• [DATASET EXTRACT]
——
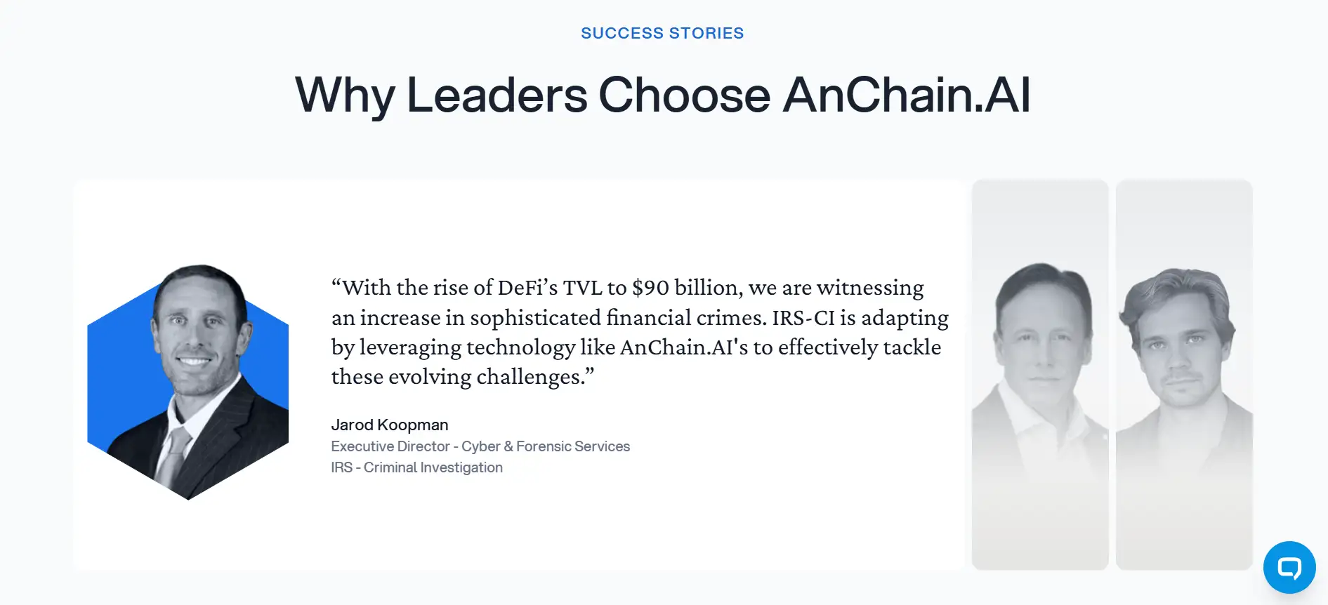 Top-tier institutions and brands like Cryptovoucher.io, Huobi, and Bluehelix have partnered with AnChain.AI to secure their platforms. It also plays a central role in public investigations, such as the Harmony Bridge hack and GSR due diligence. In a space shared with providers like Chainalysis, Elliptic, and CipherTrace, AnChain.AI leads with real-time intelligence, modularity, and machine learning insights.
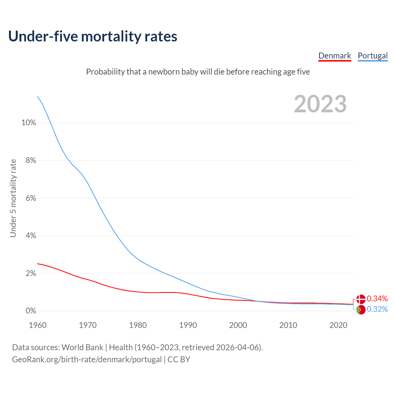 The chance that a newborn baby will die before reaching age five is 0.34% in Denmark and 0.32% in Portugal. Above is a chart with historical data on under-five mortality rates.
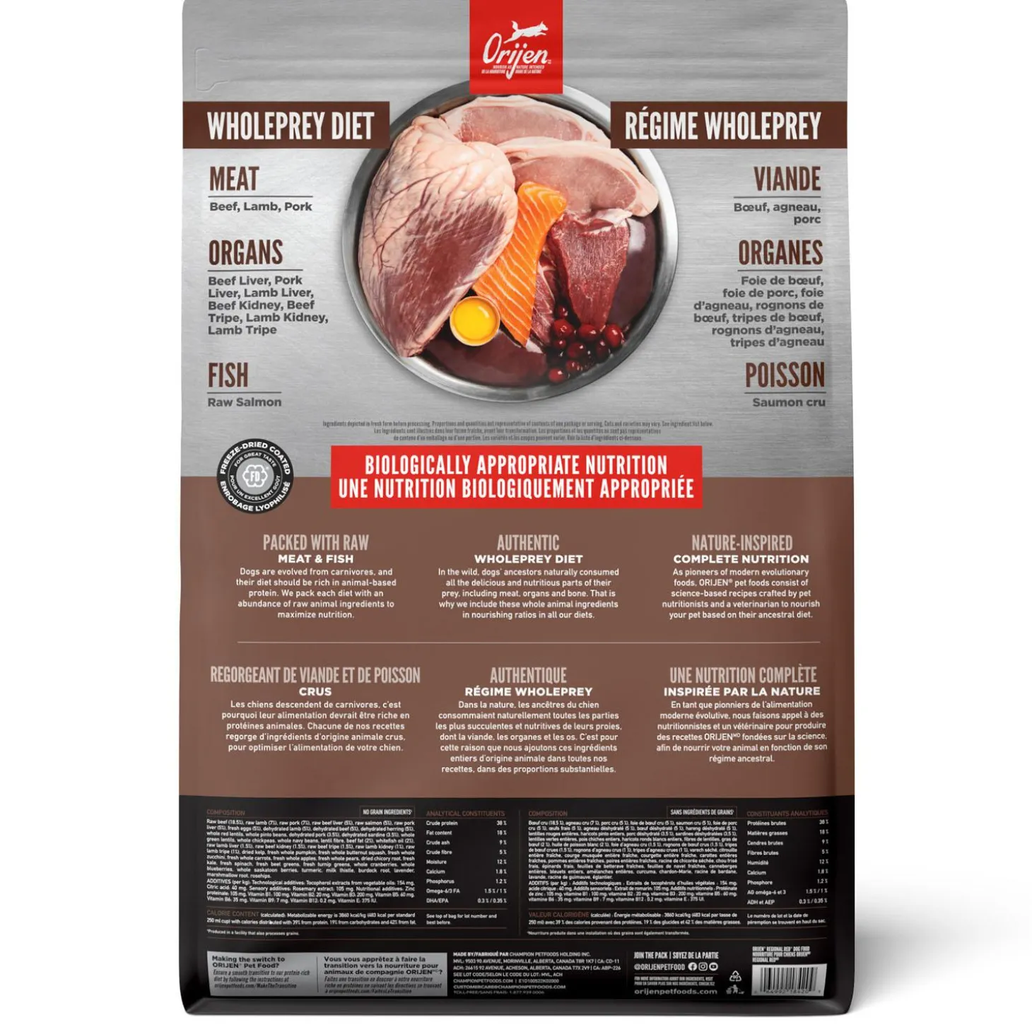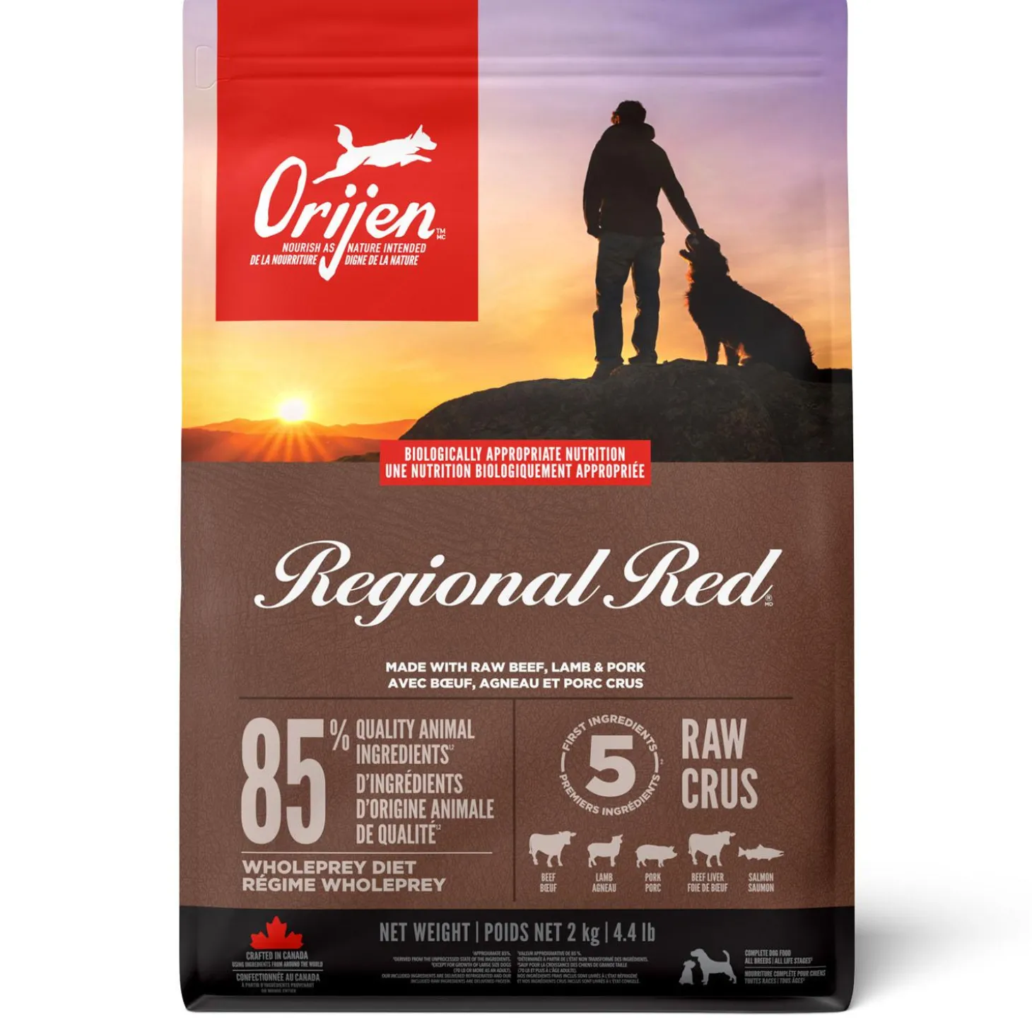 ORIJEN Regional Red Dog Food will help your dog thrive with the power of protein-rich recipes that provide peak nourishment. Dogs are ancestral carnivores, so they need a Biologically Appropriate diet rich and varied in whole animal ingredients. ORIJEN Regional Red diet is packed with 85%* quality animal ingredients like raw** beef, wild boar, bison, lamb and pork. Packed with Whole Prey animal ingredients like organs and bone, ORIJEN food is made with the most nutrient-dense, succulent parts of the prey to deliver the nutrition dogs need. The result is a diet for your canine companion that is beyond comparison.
——
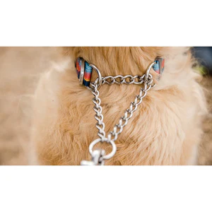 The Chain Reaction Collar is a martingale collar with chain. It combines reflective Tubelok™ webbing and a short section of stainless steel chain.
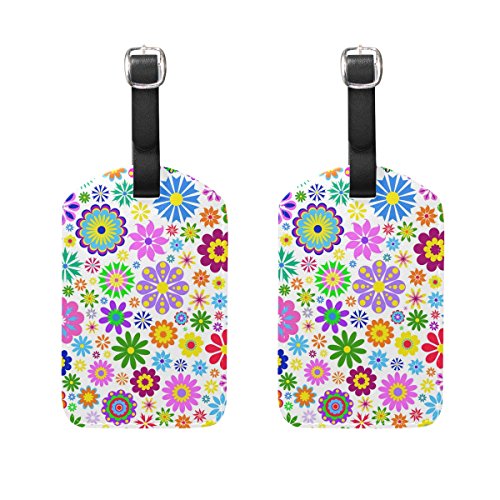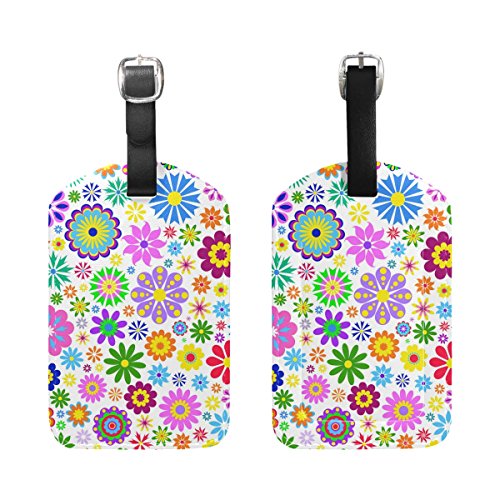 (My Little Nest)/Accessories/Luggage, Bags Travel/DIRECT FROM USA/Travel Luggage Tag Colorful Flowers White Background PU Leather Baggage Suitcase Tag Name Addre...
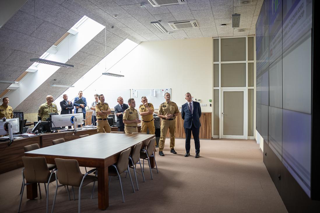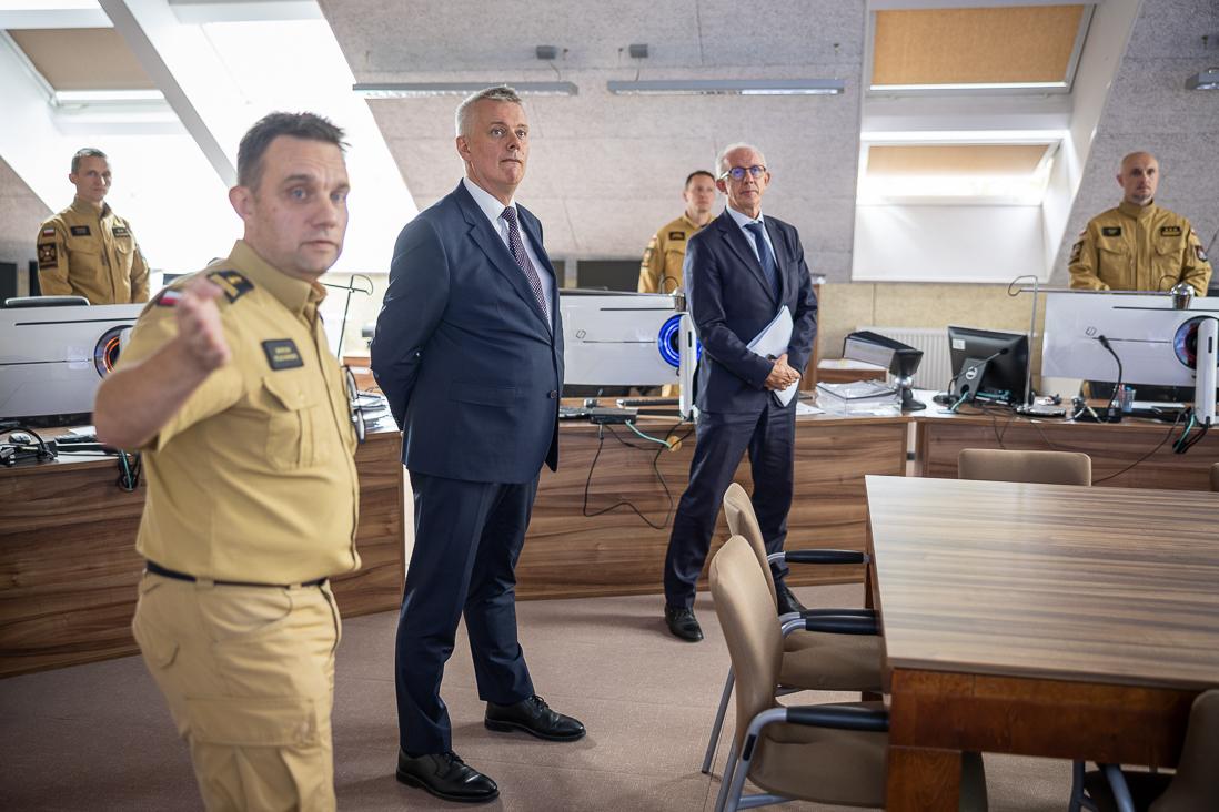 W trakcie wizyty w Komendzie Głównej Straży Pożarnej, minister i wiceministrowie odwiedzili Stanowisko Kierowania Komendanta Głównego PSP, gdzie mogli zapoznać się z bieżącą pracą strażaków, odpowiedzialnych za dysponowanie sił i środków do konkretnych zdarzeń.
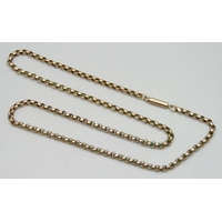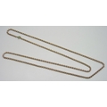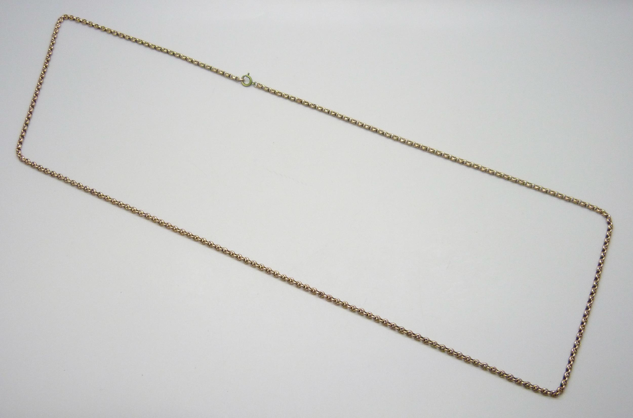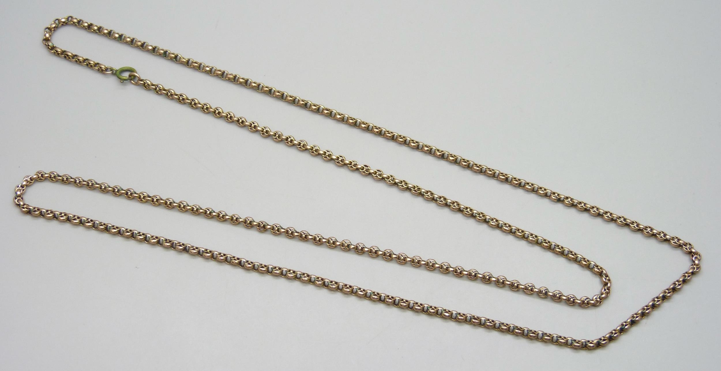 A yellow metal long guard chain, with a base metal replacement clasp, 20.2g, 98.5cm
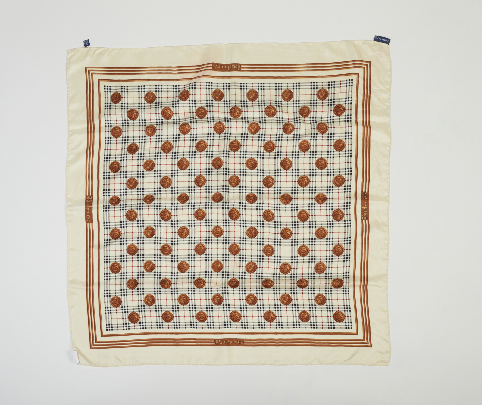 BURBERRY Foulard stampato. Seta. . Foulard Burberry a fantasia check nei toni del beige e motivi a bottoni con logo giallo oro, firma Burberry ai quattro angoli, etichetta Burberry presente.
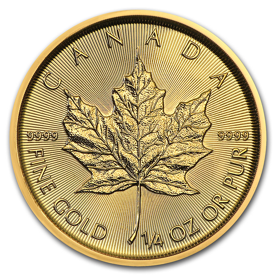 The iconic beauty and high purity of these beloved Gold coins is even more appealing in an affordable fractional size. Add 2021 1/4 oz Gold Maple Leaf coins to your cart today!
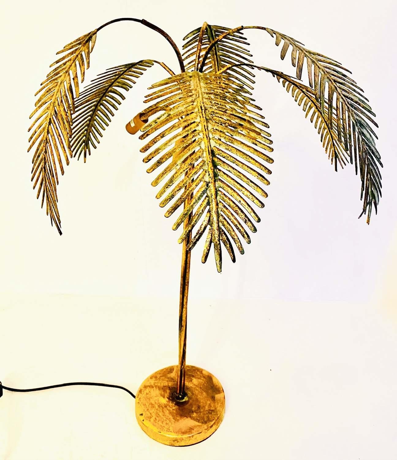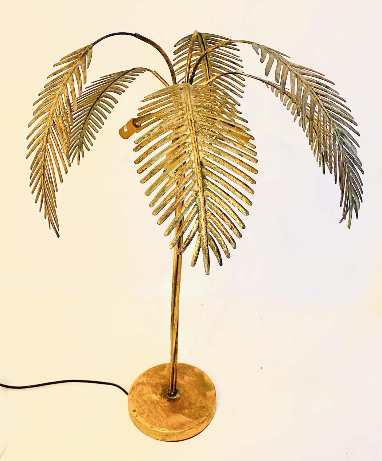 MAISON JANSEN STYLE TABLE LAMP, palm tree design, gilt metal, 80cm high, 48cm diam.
——
• [WORK INSTRUCTION] In the data above, take the line with "Top-tier institutions and", the line with "ORIJEN Regional Red Dog", and every line between, and set them down exactly without pictures.

• [OUTPUT]
 Top-tier institutions and brands like Cryptovoucher.io, Huobi, and Bluehelix have partnered with AnChain.AI to secure their platforms. It also plays a central role in public investigations, such as the Harmony Bridge hack and GSR due diligence. In a space shared with providers like Chainalysis, Elliptic, and CipherTrace, AnChain.AI leads with real-time intelligence, modularity, and machine learning insights.
 The chance that a newborn baby will die before reaching age five is 0.34% in Denmark and 0.32% in Portugal. Above is a chart with historical data on under-five mortality rates.
 ORIJEN Regional Red Dog Food will help your dog thrive with the power of protein-rich recipes that provide peak nourishment. Dogs are ancestral carnivores, so they need a Biologically Appropriate diet rich and varied in whole animal ingredients. ORIJEN Regional Red diet is packed with 85%* quality animal ingredients like raw** beef, wild boar, bison, lamb and pork. Packed with Whole Prey animal ingredients like organs and bone, ORIJEN food is made with the most nutrient-dense, succulent parts of the prey to deliver the nutrition dogs need. The result is a diet for your canine companion that is beyond comparison.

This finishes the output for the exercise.